Aggregation Our method maps problem choice by individuals. This represents the lowest level in Whitley’s (1974) scheme of aggregation in which a field consists of specialties that consist of research areas that contain problem situations. The research trails that we identify represent the individual scientist’s selection of problem areas that relate to research areas at higher levels of aggregation. Klavans and Boyack (2011) find that global maps of research fields are more accurate than local maps, which seems to argue in favour of mapping individual portfolios in their global context. However, our method provides a highly fine-grained and individual perspective of the way in which a scientist develops a portfolio. In addition, it also works on very small data sets.
3.
Who decides and how Our method presumes that problem choice is a decision of the individual scientist. It consequently disregards group publication strategies, hyperauthorship (e.g. in particle physics), and the rise of team science. Also, there will be disciplinary or community differences in publication and citation cultures (van Raan 2008a; Wouters 1999; Zuckerman 1987) and a scholar’s role in problem selection is likely to change over time.

Data

A sample of individual scientists was constructed to develop the methods and extract statistical measurements.

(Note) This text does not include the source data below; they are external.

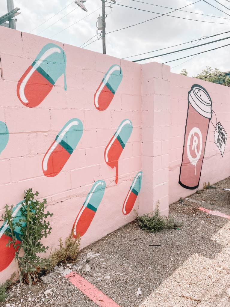 A classic picture for anyone visiting Austin, TX! This mural, like the Kendra Scott Flagship mural can be found in the South Congress neighborhood. About a 10-15 minute walk from the Kendra Scott mural, you can hit both of these murals in the same afternoon or evening. You’ll find this one on the side of a super cool store, Roadhouse Relics, which sells neon sign art created by Todd Sanders. Fun Fact: Sanders was the person who painted the Greetings From Austin mural! This mural has been around over 2 decades.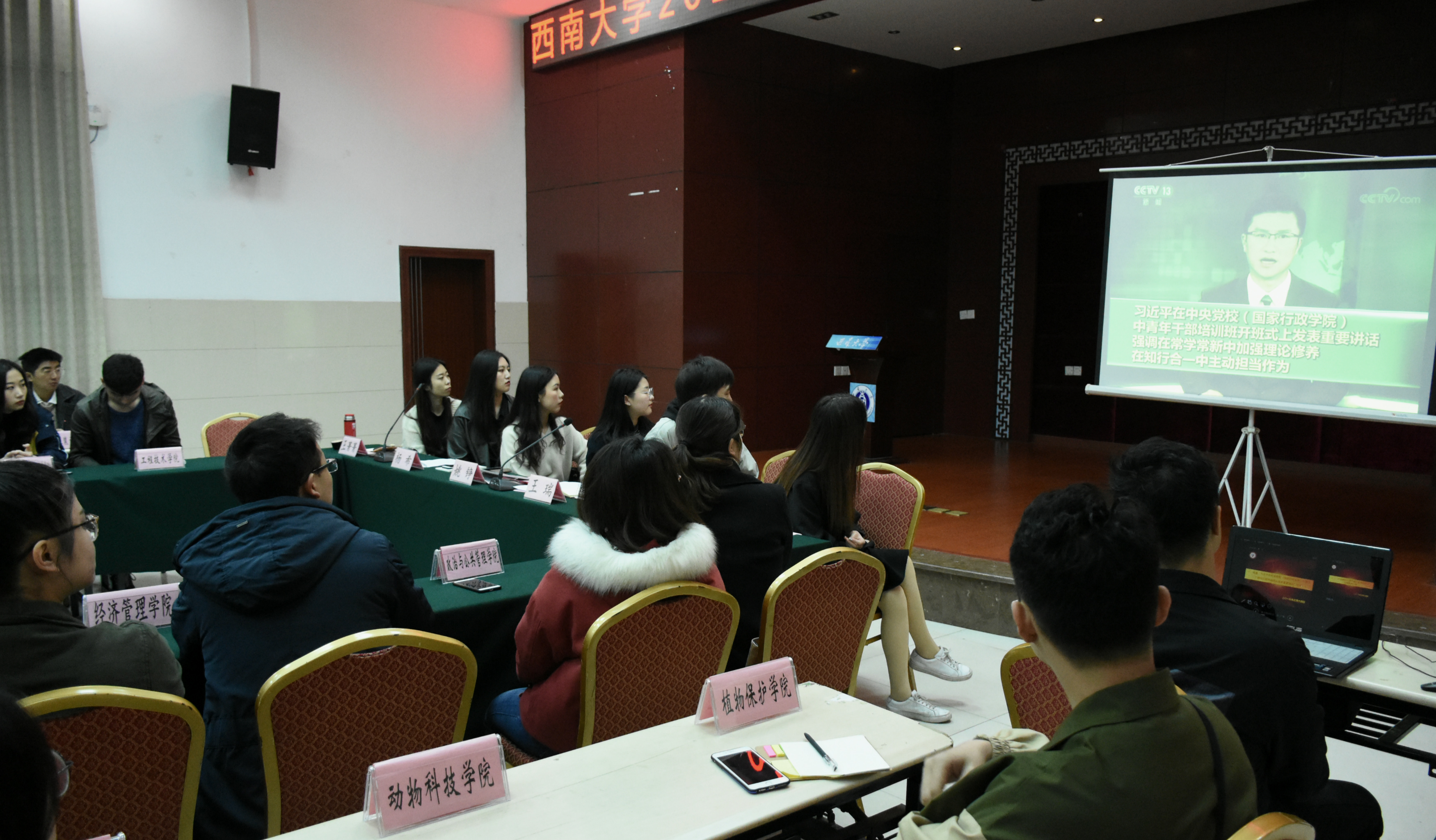 会议伊始,同学们一起学习了习近平总书记在中央党校(国家行政学院)中青年干部培训班开班式上发表的重要讲话,他提出要在常学常新中加强理论修养、在学思践悟中牢记初心使命、在细照笃行中不断修炼自我、在知行合一中主动担当作为。观看结束后,校研会主席姚铮同学表示:“我们作为青年学生干部要牢记习近平总书记的谆谆教诲,加强理论学习,提高德才修养,主动担当作为,为实现中华民族伟大复兴的中国梦贡献青春力量。”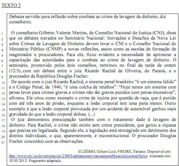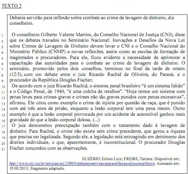 Em relação ao período da questão anterior “Ele citou como exemplo o crime de injúria por questão de raça, que é punido com até três anos de prisão, enquanto a lesão corporal tem uma pena menor” (linhas 13 e 14) a expressão destacada pode ser substituída por visto que.
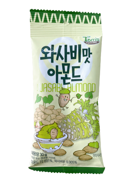 Và một trong những snack về wasabi được nhiều người ưa chuộng và dễ ăn nhất phải kể đến chính là Hạnh nhân tẩm wasabi Tom's Farm 30g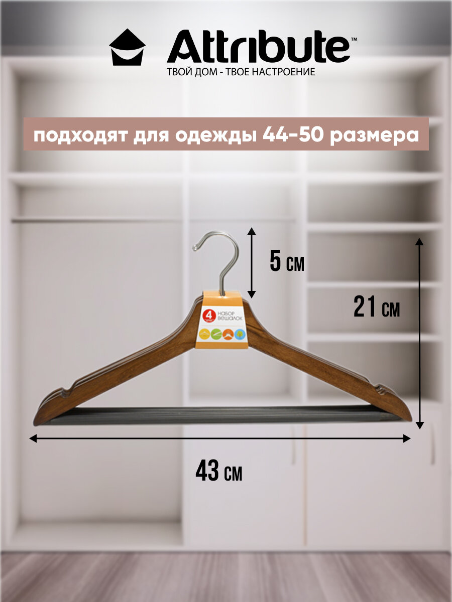 Набор вешалок универсальных WALNUT 44см 4шт,ATTRIBUTE HANGER интересное: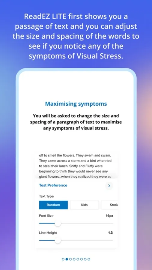 ReadEZ LITE first shows you a passage of text and you can adjust the size and spacing of the words to see if you notice any of the symptoms of Visual Stress.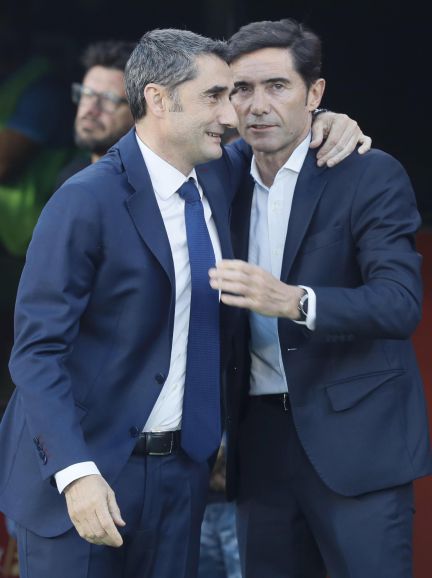 Valverde and Marcelino share a few words ahead of the game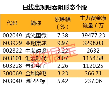 7股出现阳吞阴形态!紫光国微资金流入近4亿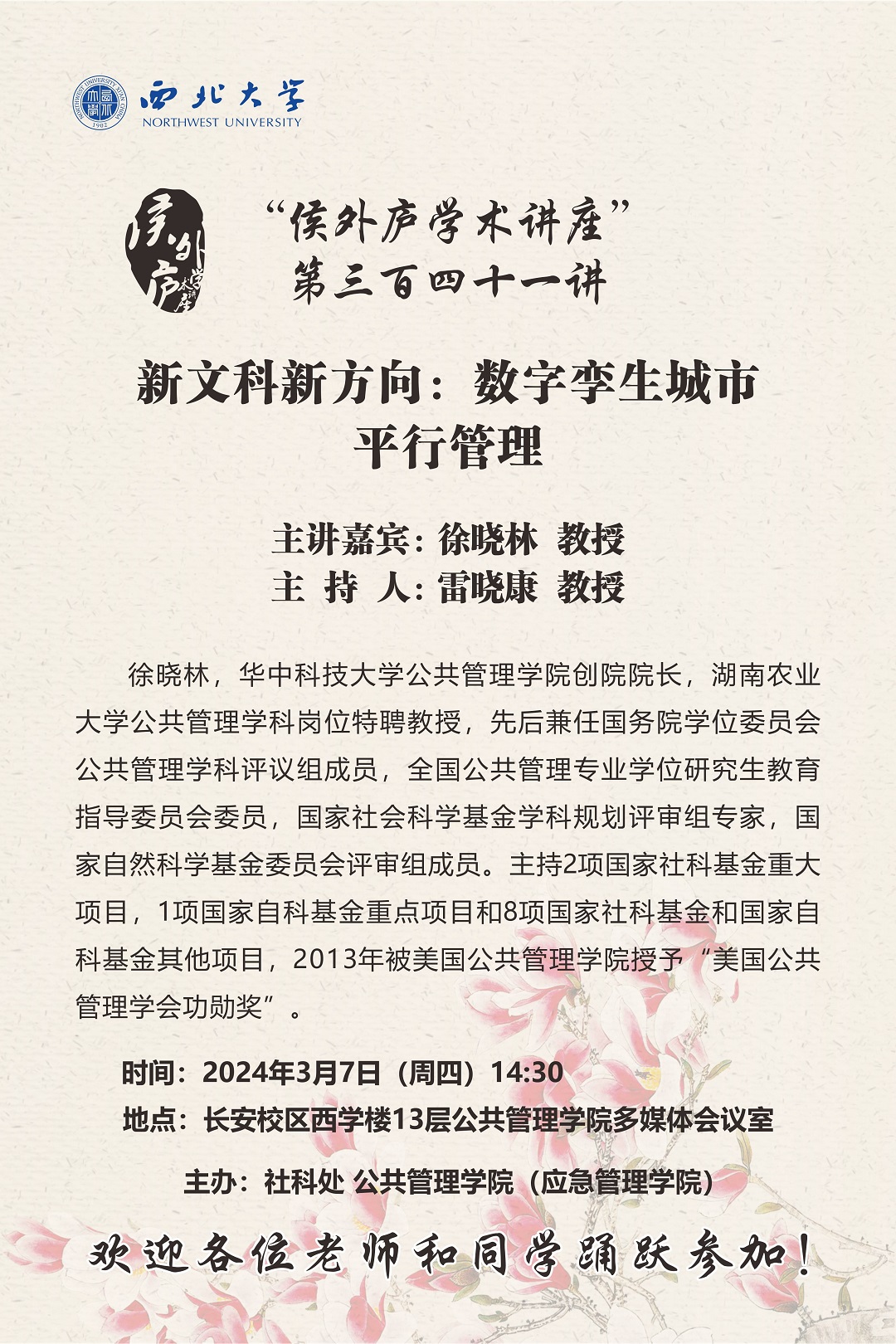 徐晓林 教授 侯外庐学术讲座第三百四十一讲:新文科新方向:数字孪生城市平行管理 讲座时间 2024年3月7日(周四)14:30 讲座地点 长安校区西学楼13层公共管理学院多媒体会议室 讲座人介绍 徐晓林 教授 讲座内容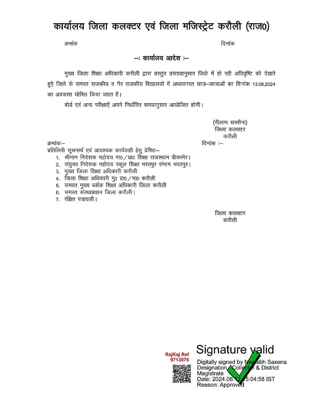करौली जिले में 13 अगस्त को स्कूलों में अवकाश घोषित कर दिया गया है। इसमें कक्षा 1 से लेकर 12 तक के विद्यार्थियों के लिए छुट्टी रहेगी। जिला कलक्टर ने यह आदेश जारी किया है।
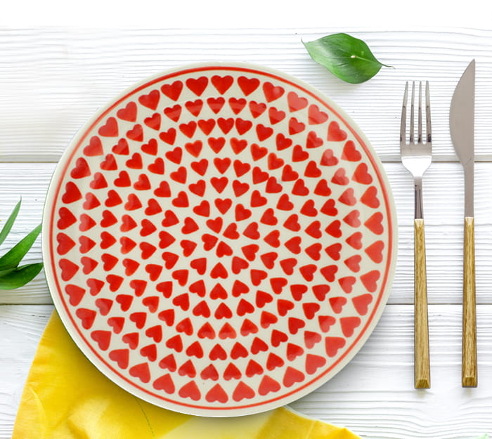 Płaski talerz obiadowy w serduszka. Produkt ręcznie formowany i dekorowany w Manufakturze Galia Bolesławiec.

We focus on a single specialty, namely condensed matter physics, and start our search with distinguished scholars who work or have worked at high-magnetic field labs in Tallahassee, Nijmegen, and Dresden that serve as focal points in the field. In addition, we extracted the top-25 American, Dutch, and German authors from ten important journals in condensed matter physics (Physical Review B, Journal of Physics-Condensed Matter, Thin Solid Films, Physica B-Condensed Matter, Advanced Materials, Applied Surface Science, Surface Science, Journal of Magnetism and Magnetic Materials, Journal of Nanoscience and Nanotechnology, and Physica Status Solidi B-Basic Solid State Physics). From the list of potential candidates, we first selected those with a long and distinguished career and good CV data. In addition, some of the selected physicists have had a shorter career or have achieved a less exalted status in their field than others. The result is a sample of 43 condensed matter physicists.

The lifetime publications of the 43 physicists were downloaded from Thomson Reuters Web of Science.^{Footnote 3} The publications retrieved from the Web of Science were manually checked to ensure that they belong to the work of the selected physicists. This check involved a comparison with the scientist’s curriculum vitae, an analysis of the subject areas of the retrieved papers, and a comparison with lists of publications on personal websites and in CVs. The corpus is not necessarily complete. The Web of Science does not include every single academic publication. For example, some of the early publications of Russian physicists—for their PhD and the Doctor of Science theses—have only been published in Russian and may not be included in the dataset. Also, the Web of Science has expanded over time, so coverage today is better than it used to be at the beginning of the careers of our subjects. However, overall coverage is sufficient for the purposes of our analysis.